It is important to mention that the `unitquantregs` objects consists of a list
with `unitquantreg` objects for according to the vector of `tau`.


Furthermore, the package provide functions designated for model comparison
between `uniquantreg` objects. Particularly,

- `likelihood_stats()` function computes likelihood-based statistics (Neg2LogLike, AIC, BIC and HQIC),

- `vuong.test()` function performs Vuong test between two fitted **non nested** models,

- `pairwise.vuong.test()` function performs pairwise Vuong test with adjusted p-value according to `stats::p.adjust.methods`
between fitted models 


Finally, `uniquantreg` objects also permits use the inference methods functions 
`lmtest::coeftest()`, `lmtest::coefci`, `lmtest::coefci`, `lmtest::waldtest` and `lmtest::lrtest`
implemented in [`lmtest`](https://CRAN.R-project.org/package=lmtest) to
perform hypothesis test, confidence intervals for **nested models**.

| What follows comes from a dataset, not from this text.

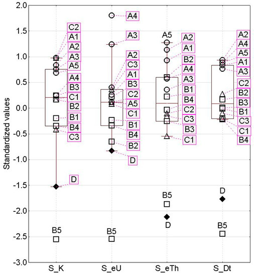 Box-and-whisker plot (with discrimination of individual values) of standardized estimations from portable gamma spectrometry.

Next, a detailed account of the usage of all these functions is provided.

## Functionality

As in [Mazucheli et al. (2020)](https://www.tandfonline.com/doi/abs/10.1080/02664763.2019.1657813?journalCode=cjas20)
consider the data set related to the access of people in
households with piped water supply in the cities of Brazil from the Southeast and Northeast
regions. The response variable `phpws` is the proportion of households with piped water
supply. The covariates are:

- `mhdi`: human development index.

- `incpc`: per capita income.

- `region`: 0 for southeast, 1 for northeast.

- `pop`: population.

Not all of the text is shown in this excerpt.